== To do ==
A word-for-word copy of all entries is required, without images.

(Dataset excerpts)
********************

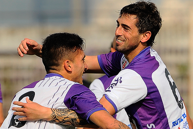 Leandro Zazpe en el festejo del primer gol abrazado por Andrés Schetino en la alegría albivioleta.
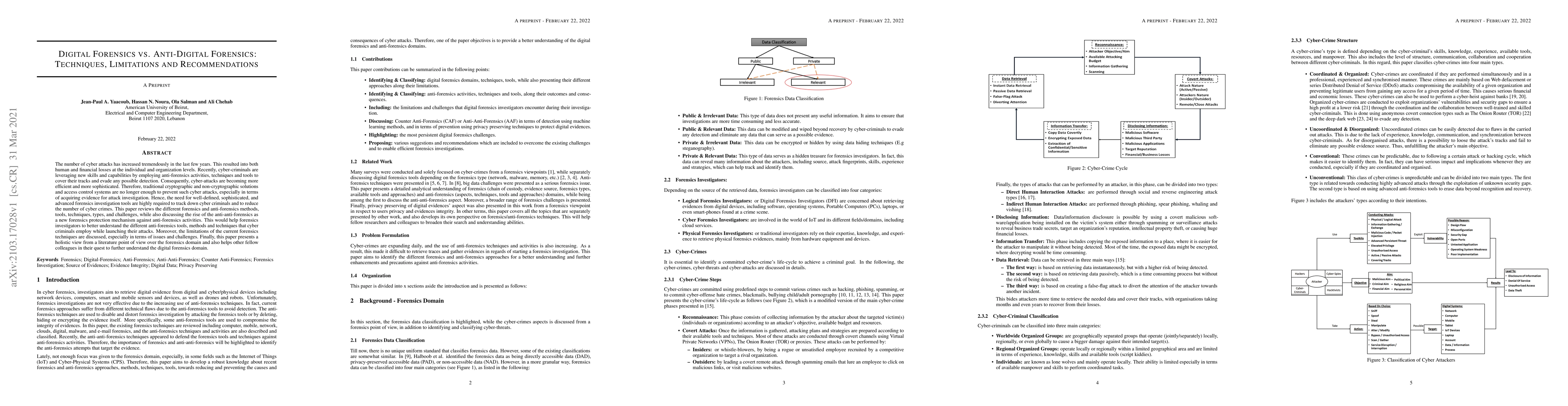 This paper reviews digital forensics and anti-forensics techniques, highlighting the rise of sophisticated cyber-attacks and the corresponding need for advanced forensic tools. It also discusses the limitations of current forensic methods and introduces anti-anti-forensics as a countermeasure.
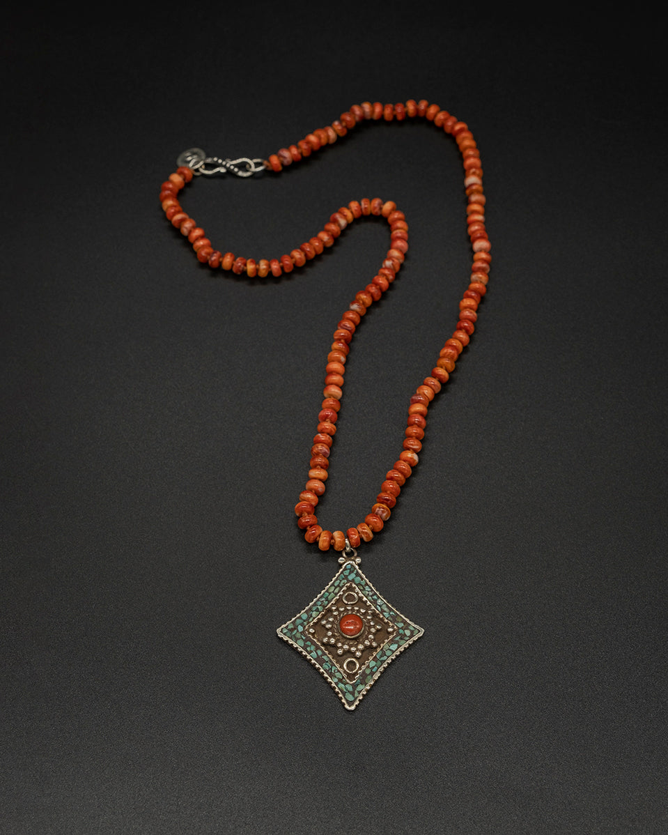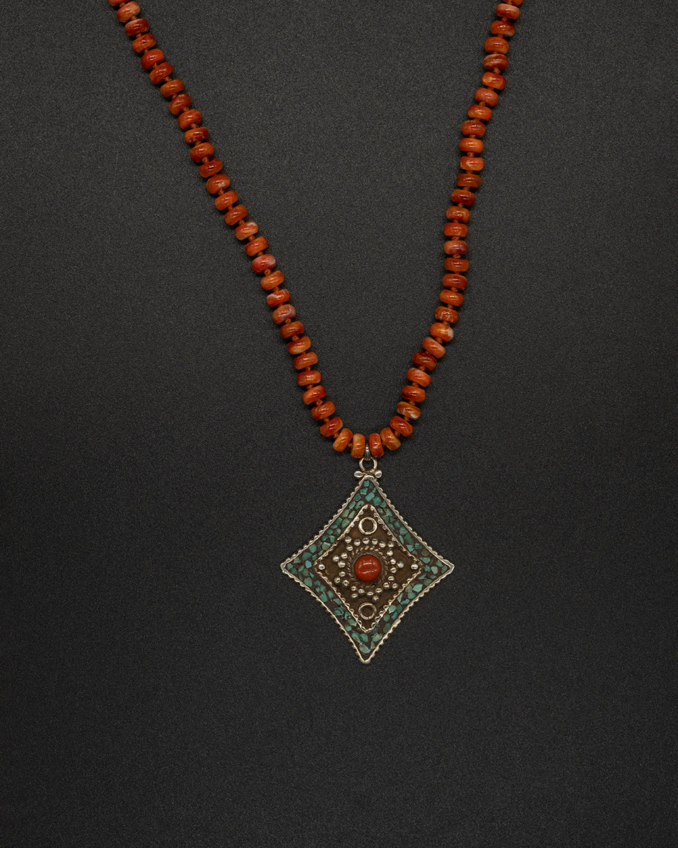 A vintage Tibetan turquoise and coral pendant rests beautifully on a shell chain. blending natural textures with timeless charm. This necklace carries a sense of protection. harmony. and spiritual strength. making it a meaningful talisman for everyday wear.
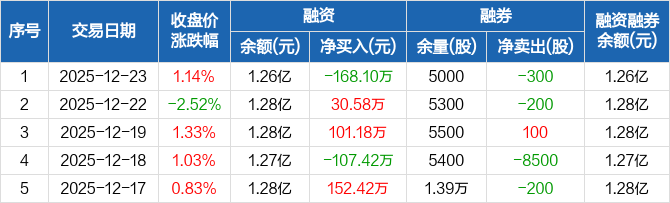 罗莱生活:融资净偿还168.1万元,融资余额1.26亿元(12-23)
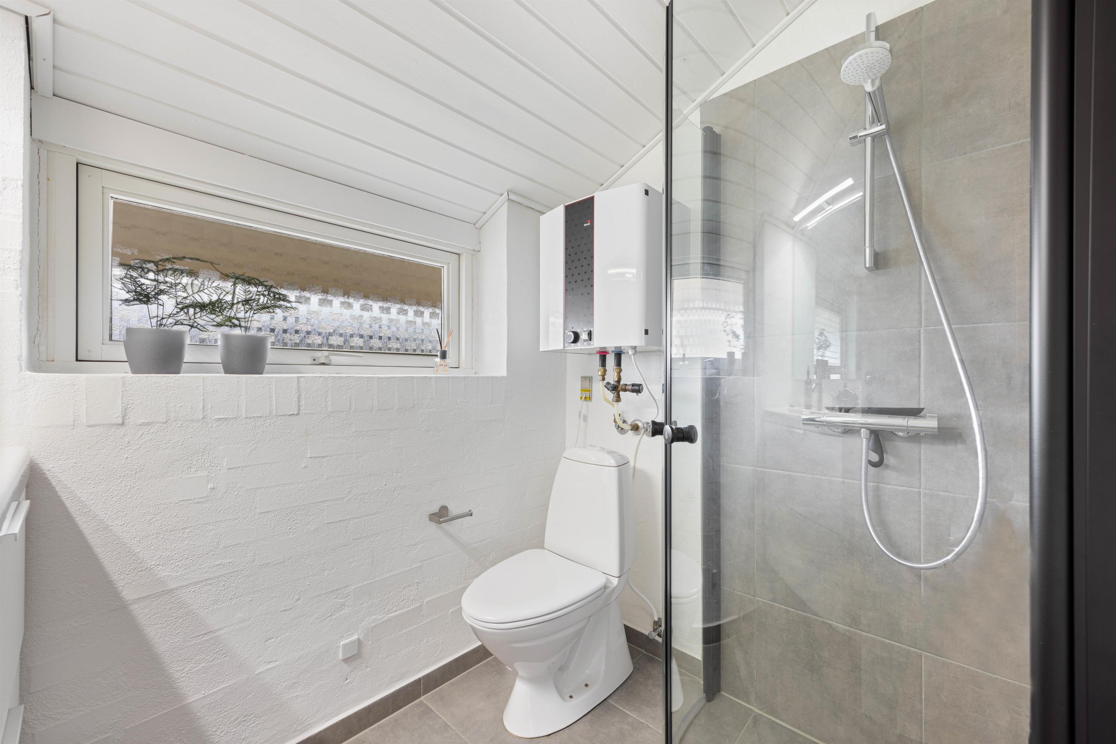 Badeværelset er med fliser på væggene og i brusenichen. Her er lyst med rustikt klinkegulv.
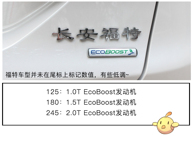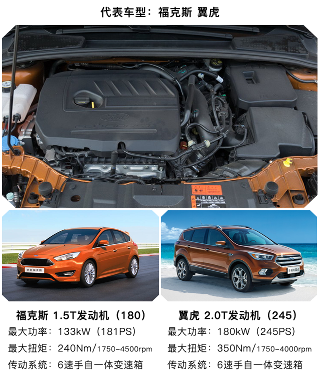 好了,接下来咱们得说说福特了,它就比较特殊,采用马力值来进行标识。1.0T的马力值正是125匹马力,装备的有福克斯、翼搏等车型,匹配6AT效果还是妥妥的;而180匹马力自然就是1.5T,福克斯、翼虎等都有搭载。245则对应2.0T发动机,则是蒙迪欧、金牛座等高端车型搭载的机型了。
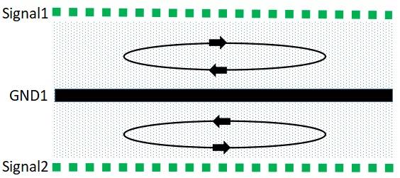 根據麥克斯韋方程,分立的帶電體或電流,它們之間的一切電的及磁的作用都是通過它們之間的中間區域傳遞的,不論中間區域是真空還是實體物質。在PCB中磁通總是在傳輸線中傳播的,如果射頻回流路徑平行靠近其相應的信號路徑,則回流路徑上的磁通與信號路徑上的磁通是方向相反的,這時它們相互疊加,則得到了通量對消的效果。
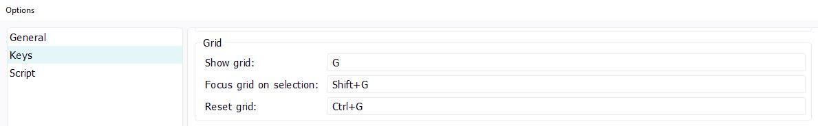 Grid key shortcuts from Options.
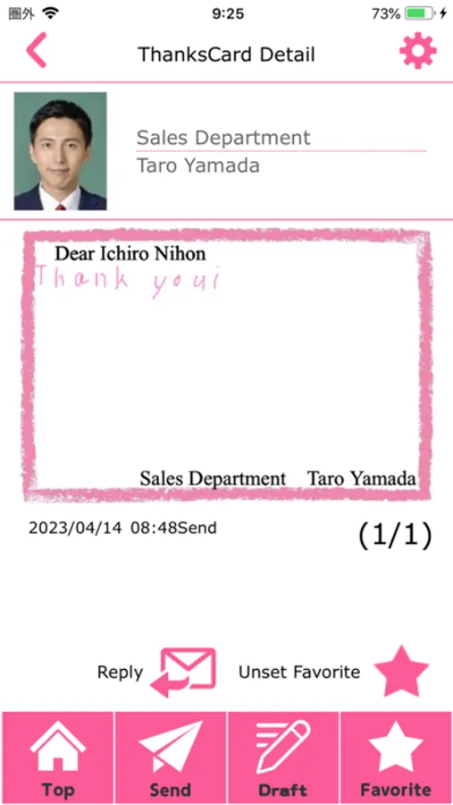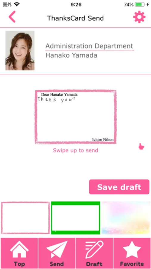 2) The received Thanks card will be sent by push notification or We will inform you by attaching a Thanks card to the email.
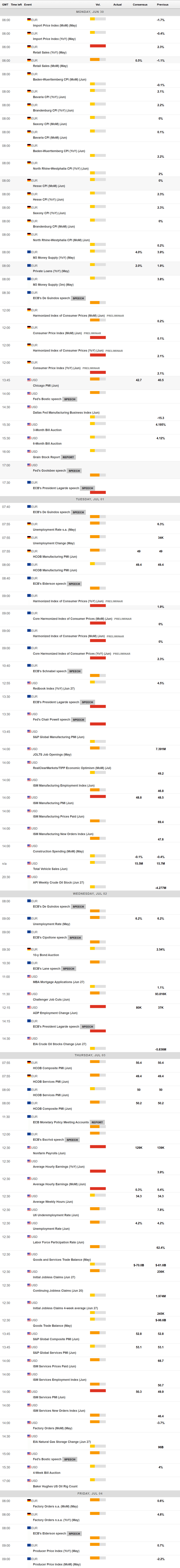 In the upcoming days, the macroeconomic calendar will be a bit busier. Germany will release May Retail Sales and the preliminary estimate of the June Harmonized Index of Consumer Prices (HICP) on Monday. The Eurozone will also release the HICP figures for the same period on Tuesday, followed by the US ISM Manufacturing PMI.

********************

== Answer box ==
 Leandro Zazpe en el festejo del primer gol abrazado por Andrés Schetino en la alegría albivioleta.
 This paper reviews digital forensics and anti-forensics techniques, highlighting the rise of sophisticated cyber-attacks and the corresponding need for advanced forensic tools. It also discusses the limitations of current forensic methods and introduces anti-anti-forensics as a countermeasure.
 A vintage Tibetan turquoise and coral pendant rests beautifully on a shell chain. blending natural textures with timeless charm. This necklace carries a sense of protection. harmony. and spiritual strength. making it a meaningful talisman for everyday wear.
 罗莱生活:融资净偿还168.1万元,融资余额1.26亿元(12-23)
 Badeværelset er med fliser på væggene og i brusenichen. Her er lyst med rustikt klinkegulv.
 好了,接下来咱们得说说福特了,它就比较特殊,采用马力值来进行标识。1.0T的马力值正是125匹马力,装备的有福克斯、翼搏等车型,匹配6AT效果还是妥妥的;而180匹马力自然就是1.5T,福克斯、翼虎等都有搭载。245则对应2.0T发动机,则是蒙迪欧、金牛座等高端车型搭载的机型了。
 根據麥克斯韋方程,分立的帶電體或電流,它們之間的一切電的及磁的作用都是通過它們之間的中間區域傳遞的,不論中間區域是真空還是實體物質。在PCB中磁通總是在傳輸線中傳播的,如果射頻回流路徑平行靠近其相應的信號路徑,則回流路徑上的磁通與信號路徑上的磁通是方向相反的,這時它們相互疊加,則得到了通量對消的效果。
 Grid key shortcuts from Options.
 2) The received Thanks card will be sent by push notification or We will inform you by attaching a Thanks card to the email.
 In the upcoming days, the macroeconomic calendar will be a bit busier. Germany will release May Retail Sales and the preliminary estimate of the June Harmonized Index of Consumer Prices (HICP) on Monday. The Eurozone will also release the HICP figures for the same period on Tuesday, followed by the US ISM Manufacturing PMI.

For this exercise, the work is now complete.